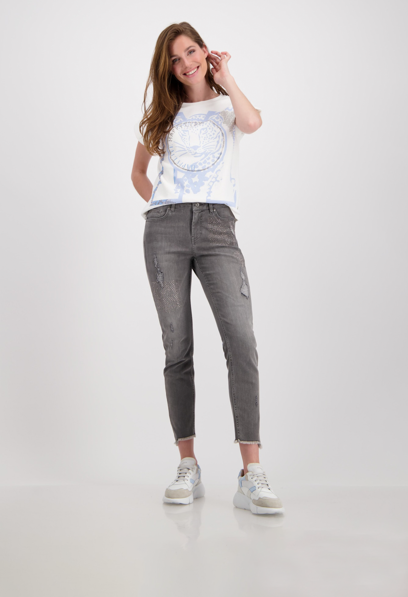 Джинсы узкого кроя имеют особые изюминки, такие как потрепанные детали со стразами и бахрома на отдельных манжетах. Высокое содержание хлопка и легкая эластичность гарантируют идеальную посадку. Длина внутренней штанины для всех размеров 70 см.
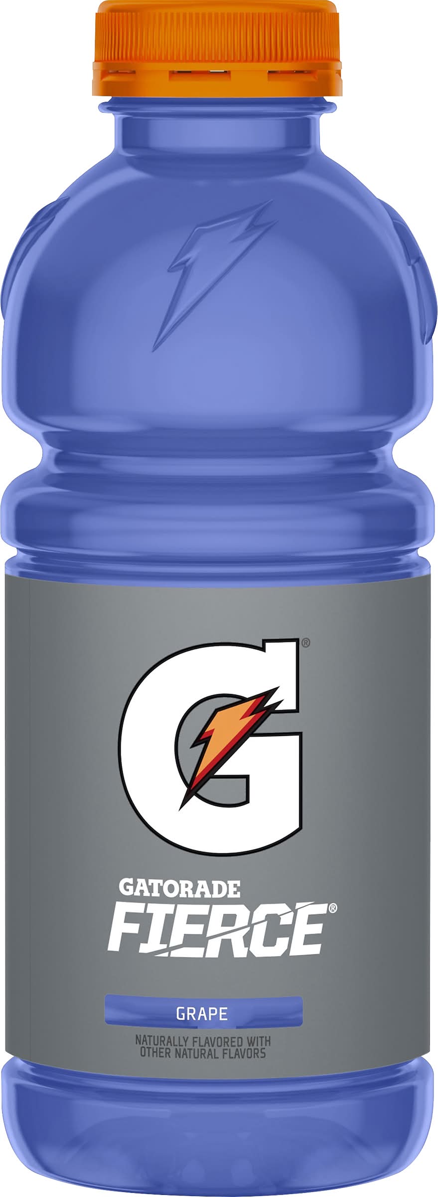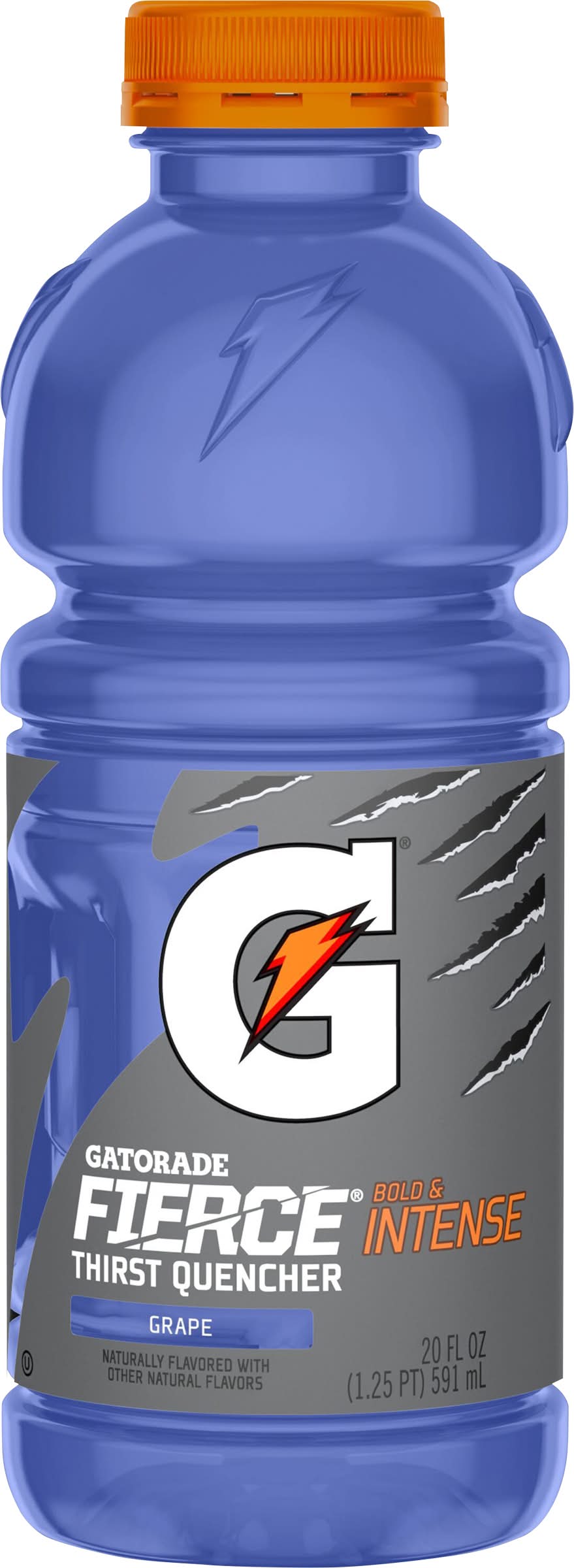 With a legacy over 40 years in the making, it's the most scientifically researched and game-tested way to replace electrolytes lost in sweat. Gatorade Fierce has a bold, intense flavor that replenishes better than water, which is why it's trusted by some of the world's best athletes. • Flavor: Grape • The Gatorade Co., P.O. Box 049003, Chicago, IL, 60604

....

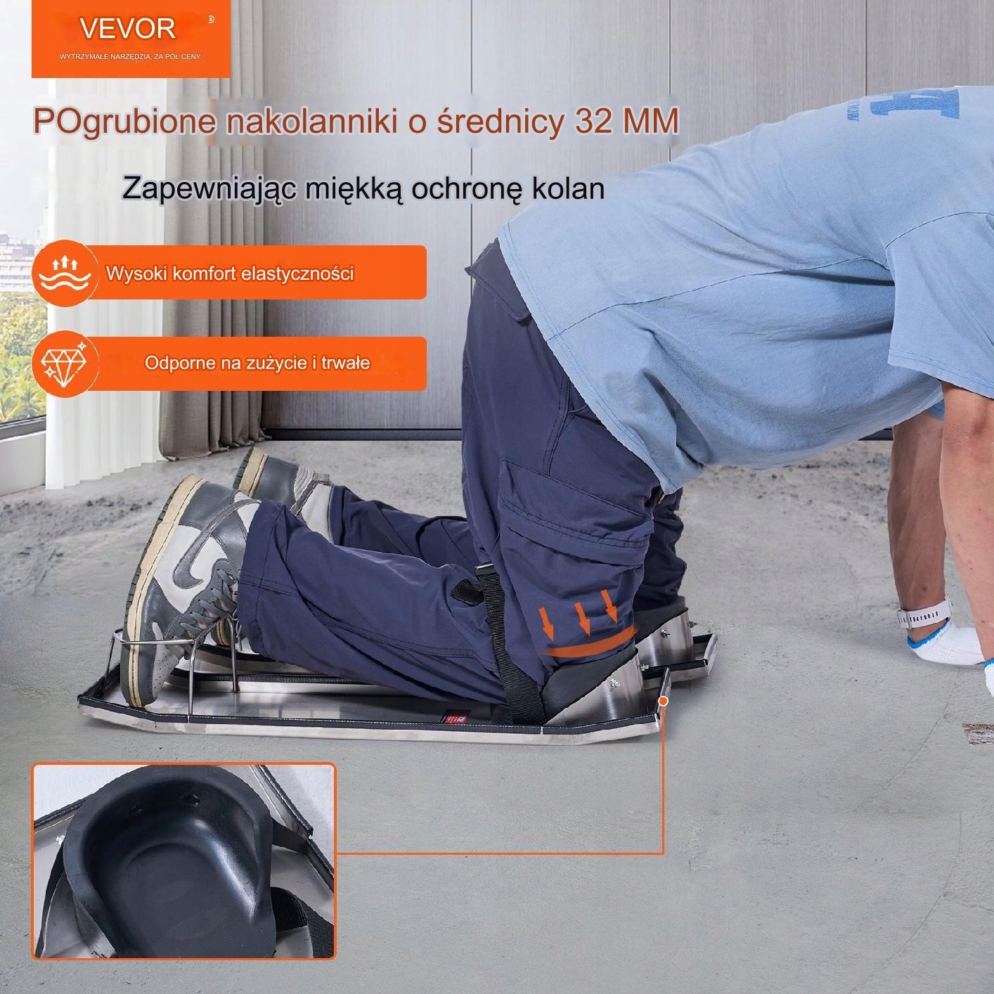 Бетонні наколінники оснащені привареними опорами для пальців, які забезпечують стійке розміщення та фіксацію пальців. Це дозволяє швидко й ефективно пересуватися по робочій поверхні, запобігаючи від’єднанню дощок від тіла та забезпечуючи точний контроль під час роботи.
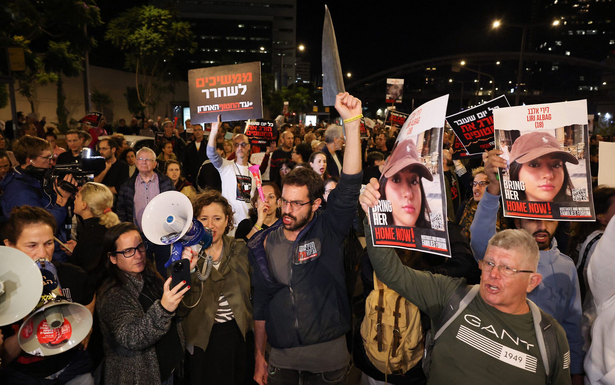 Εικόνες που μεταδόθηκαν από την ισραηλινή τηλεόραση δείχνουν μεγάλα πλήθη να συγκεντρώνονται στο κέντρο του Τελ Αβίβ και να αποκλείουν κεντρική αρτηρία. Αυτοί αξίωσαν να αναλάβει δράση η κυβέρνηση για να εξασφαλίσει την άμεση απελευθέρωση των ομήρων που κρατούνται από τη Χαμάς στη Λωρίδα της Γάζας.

....

**The task:**
Only the lines above from the one containing "Джинсы узкого кроя" through the one containing "With a legacy" should be returned, verbatim and inclusive, with pictures excluded.

**Result for this task:**
 Джинсы узкого кроя имеют особые изюминки, такие как потрепанные детали со стразами и бахрома на отдельных манжетах. Высокое содержание хлопка и легкая эластичность гарантируют идеальную посадку. Длина внутренней штанины для всех размеров 70 см.
 With a legacy over 40 years in the making, it's the most scientifically researched and game-tested way to replace electrolytes lost in sweat. Gatorade Fierce has a bold, intense flavor that replenishes better than water, which is why it's trusted by some of the world's best athletes. • Flavor: Grape • The Gatorade Co., P.O. Box 049003, Chicago, IL, 60604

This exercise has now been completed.